### Problem details
For the records below, output word for word the lines from the one with "The kinds and" up to and including the one with "This short-sleeve shirt". No pictures.

### Task input
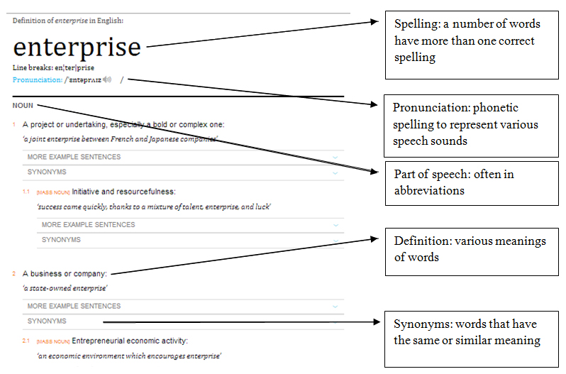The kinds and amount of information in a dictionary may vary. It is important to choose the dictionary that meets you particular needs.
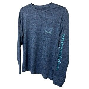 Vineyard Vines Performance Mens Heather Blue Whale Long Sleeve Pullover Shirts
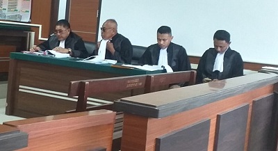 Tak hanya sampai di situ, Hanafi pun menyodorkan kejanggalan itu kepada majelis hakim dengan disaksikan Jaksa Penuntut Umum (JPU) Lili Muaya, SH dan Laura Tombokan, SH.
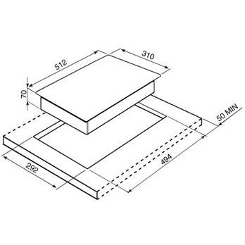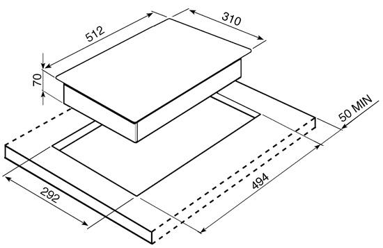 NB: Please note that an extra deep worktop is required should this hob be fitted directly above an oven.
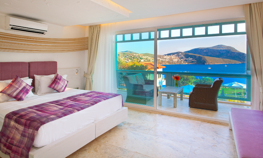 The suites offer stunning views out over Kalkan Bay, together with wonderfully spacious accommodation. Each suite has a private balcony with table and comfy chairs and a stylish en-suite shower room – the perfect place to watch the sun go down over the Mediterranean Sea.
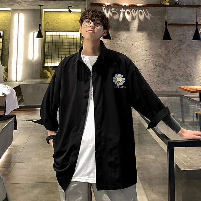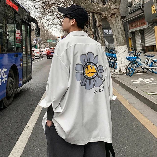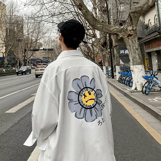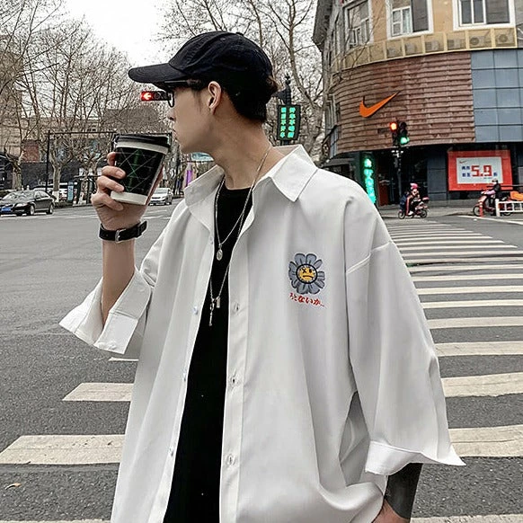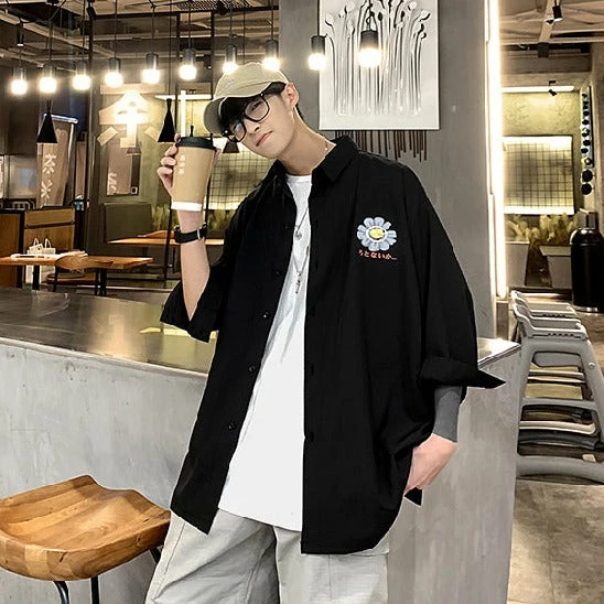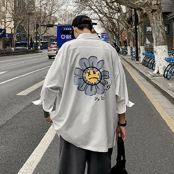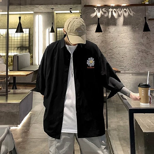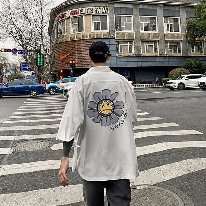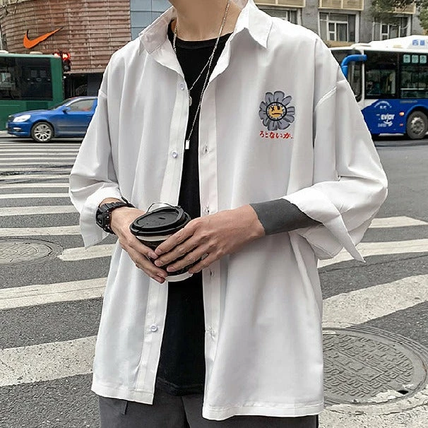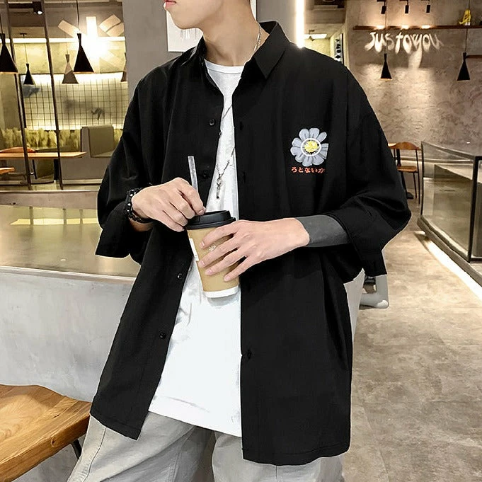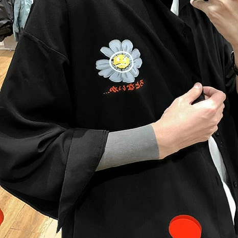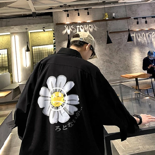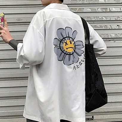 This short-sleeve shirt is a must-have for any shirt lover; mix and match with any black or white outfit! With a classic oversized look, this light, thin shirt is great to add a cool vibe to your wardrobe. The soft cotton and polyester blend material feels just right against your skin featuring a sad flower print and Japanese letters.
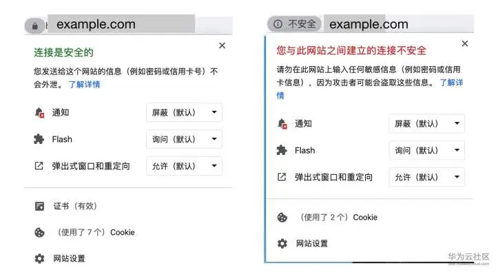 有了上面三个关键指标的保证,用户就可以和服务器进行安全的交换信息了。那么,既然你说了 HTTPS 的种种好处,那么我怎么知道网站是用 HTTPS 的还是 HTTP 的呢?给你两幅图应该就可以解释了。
* * *
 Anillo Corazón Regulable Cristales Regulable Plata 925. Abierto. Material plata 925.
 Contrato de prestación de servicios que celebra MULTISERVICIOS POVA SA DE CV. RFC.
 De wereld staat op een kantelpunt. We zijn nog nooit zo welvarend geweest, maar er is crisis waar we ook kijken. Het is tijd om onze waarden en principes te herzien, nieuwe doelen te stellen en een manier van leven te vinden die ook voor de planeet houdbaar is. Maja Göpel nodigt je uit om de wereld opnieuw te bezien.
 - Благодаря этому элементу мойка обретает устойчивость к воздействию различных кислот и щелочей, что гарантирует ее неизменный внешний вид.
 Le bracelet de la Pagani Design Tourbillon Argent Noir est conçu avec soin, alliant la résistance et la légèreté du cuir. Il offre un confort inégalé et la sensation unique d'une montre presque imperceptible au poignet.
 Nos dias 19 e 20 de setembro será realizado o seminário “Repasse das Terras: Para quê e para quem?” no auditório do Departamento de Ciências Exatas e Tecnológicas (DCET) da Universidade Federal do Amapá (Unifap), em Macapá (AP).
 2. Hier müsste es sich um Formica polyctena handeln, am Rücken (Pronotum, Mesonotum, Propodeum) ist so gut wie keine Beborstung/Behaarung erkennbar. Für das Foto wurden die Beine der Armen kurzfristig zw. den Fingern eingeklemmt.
==
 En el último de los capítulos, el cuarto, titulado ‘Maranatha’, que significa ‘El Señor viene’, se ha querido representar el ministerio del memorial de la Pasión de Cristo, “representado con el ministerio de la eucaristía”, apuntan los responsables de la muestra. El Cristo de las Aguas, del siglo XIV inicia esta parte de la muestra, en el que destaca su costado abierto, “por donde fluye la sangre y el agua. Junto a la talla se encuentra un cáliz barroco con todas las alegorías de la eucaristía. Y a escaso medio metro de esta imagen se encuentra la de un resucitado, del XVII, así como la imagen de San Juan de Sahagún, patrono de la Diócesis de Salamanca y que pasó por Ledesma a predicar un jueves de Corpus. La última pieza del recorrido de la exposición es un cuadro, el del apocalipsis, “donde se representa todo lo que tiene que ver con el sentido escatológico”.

### Written response
The kinds and amount of information in a dictionary may vary. It is important to choose the dictionary that meets you particular needs.
 Vineyard Vines Performance Mens Heather Blue Whale Long Sleeve Pullover Shirts
 Tak hanya sampai di situ, Hanafi pun menyodorkan kejanggalan itu kepada majelis hakim dengan disaksikan Jaksa Penuntut Umum (JPU) Lili Muaya, SH dan Laura Tombokan, SH.
 NB: Please note that an extra deep worktop is required should this hob be fitted directly above an oven.
 The suites offer stunning views out over Kalkan Bay, together with wonderfully spacious accommodation. Each suite has a private balcony with table and comfy chairs and a stylish en-suite shower room – the perfect place to watch the sun go down over the Mediterranean Sea.
 This short-sleeve shirt is a must-have for any shirt lover; mix and match with any black or white outfit! With a classic oversized look, this light, thin shirt is great to add a cool vibe to your wardrobe. The soft cotton and polyester blend material feels just right against your skin featuring a sad flower print and Japanese letters.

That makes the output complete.